Square One
“…The surface of a photograph might be matte or glossy, but it is always flat,” writes Graham Clarke. “The obvious nature of the point belies the implications for the photograph as a form of representation. The three-dimensional illusion it offers is based on the uninterrupted expansion of a flat surface which, unlike a painting, does not draw attention to itself. Indeed, the photograph ‘buries’ its surface appearance, in favour of the illusion of depth and the promise of the actual.”
Timothy Dow-Adams, p. 77 Light Writing and Life Writing: Photography and Autobiography
‘Square One’ is the name I give to a body of work (a 5,000 word essay and an arrangement of installed photographs) produced for a group show called ‘There Will Be Others’ curated by ‘The Modern Language Experiment’ at Angus-Hughes gallery, London, Summer, 2012.

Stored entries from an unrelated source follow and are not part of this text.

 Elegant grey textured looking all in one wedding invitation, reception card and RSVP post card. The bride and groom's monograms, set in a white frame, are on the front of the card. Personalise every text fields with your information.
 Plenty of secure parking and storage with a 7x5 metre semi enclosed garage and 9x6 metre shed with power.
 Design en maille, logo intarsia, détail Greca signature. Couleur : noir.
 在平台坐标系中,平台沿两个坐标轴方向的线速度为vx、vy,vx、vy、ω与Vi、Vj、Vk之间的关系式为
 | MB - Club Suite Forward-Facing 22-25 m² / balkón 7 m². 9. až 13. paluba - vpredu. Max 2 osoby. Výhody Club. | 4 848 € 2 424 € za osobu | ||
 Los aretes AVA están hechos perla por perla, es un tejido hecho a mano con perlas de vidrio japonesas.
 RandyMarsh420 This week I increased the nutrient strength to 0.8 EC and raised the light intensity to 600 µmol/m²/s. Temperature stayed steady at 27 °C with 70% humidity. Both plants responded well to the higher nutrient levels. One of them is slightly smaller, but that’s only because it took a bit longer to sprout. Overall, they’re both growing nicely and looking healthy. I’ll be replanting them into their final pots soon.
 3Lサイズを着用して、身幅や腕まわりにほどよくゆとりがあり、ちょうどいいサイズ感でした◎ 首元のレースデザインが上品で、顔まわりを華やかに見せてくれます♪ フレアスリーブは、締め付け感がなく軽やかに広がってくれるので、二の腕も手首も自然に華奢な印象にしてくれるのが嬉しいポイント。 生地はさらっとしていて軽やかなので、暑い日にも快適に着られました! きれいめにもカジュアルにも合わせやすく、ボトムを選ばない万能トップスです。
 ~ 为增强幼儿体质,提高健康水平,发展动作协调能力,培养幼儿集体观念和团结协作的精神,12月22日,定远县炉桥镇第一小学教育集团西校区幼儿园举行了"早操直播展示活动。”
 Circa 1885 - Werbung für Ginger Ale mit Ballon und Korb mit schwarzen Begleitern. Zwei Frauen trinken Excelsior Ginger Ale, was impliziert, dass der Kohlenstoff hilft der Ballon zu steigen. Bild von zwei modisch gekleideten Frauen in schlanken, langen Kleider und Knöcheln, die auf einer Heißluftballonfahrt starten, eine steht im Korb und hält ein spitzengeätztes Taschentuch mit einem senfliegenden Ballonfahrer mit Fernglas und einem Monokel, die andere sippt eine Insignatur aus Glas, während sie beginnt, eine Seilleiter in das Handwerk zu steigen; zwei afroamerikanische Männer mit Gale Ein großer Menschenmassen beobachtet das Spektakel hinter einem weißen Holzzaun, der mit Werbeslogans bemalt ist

In this show I worked, wrote and discussed with fellow artists Tina Hage, Jeremy Ackerman, Matthew Stock and Keh Ng, the current status and valuation of photography in fine art – see: http://www.angus-hughes.com/There-will-be-others
Several other artists and writers made contributions to the show, to the accompanying booklet and to an evening debate.
Here I was able to successfully pursue latent issues of physicality and surface in my work much further than ever before.
To some degree I did away with the notion that photography was intrinsically related to picture-making or image-making and greatly emphasised its physical presence.
I used the gallery wall’s space as part of the work (influenced perhaps my many years of sculpture teaching), producing tessellations and gestalts.
I also used thick, angled blocks of varying shapes and sizes as mounts which invite the viewer to look at the works from various heights and angles.
Crisp white frames, of shining black ‘images’ stand proud of the blocks, entering vulnerably into the gallery space.
These blocks also appeared staged, alongside old safe-lights (related to the analog past) in a large print.
An accompanying essay. ‘One Or Two ways To Square One‘ appeared in the show’s accompanying booklet and will also be available soon in a limited edition artists book (news to follow).
I regard this show and this writing as unusually thorough, conclusive and satisfying, comprehensively underpinning my current thinking and position with regard to the medium of photography in and as art, rounding off debates within which I have been engaged for decades.